BEGIN Data section

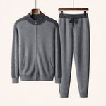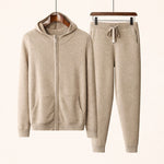 An elevated casual essential designed for comfort and sophistication. This luxurious set features a soft knitted hoodie with zip closure paired with relaxed-fit trousers, crafted from a premium cashmere-blend fabric.
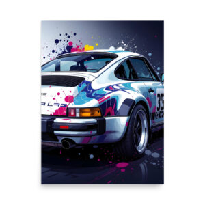 Classic Sports Car Rear View Matte Poster – Colour Splash Digital Art Print
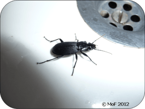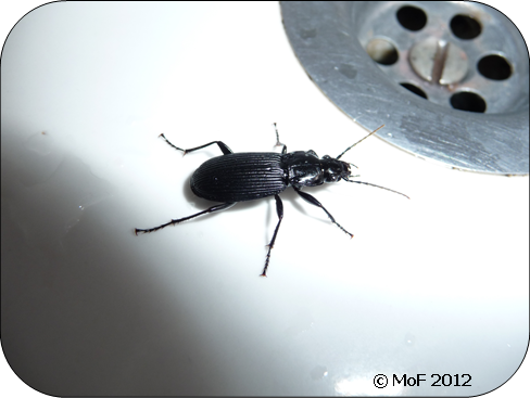 Jag har för all del inget emot skalbaggar heller. Om jag har artbestämt dom rätt är det jordlöpare, men varför och hur dom har förirrat sig in i badrummet är en gåta?
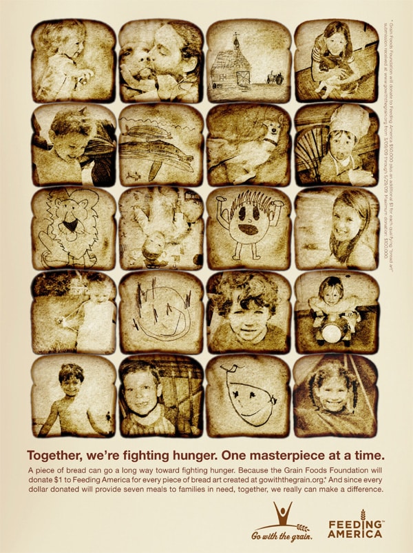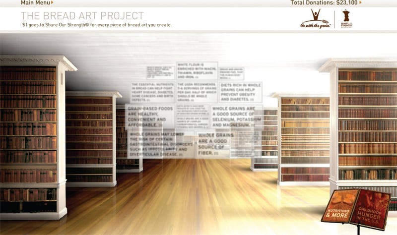 The campaign drove consumer participation with GFF to unprecedented levels. In 2009, visitors to BreadArtProject.com created more than 25,000 pieces of Bread Art and helped raise $100,000 for Feeding America.
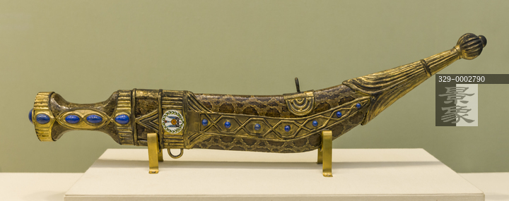 图片标题: 北京中央礼品文物管理中心-1991年镶青金石蛇皮弯刀-吉布提赠

END Data section

→ **Task to carry out**:
Reproduce the data verbatim. Do not carry any picture into the copy.

→ **Solved problem**:
 An elevated casual essential designed for comfort and sophistication. This luxurious set features a soft knitted hoodie with zip closure paired with relaxed-fit trousers, crafted from a premium cashmere-blend fabric.
 Classic Sports Car Rear View Matte Poster – Colour Splash Digital Art Print
 Jag har för all del inget emot skalbaggar heller. Om jag har artbestämt dom rätt är det jordlöpare, men varför och hur dom har förirrat sig in i badrummet är en gåta?
 The campaign drove consumer participation with GFF to unprecedented levels. In 2009, visitors to BreadArtProject.com created more than 25,000 pieces of Bread Art and helped raise $100,000 for Feeding America.
 图片标题: 北京中央礼品文物管理中心-1991年镶青金石蛇皮弯刀-吉布提赠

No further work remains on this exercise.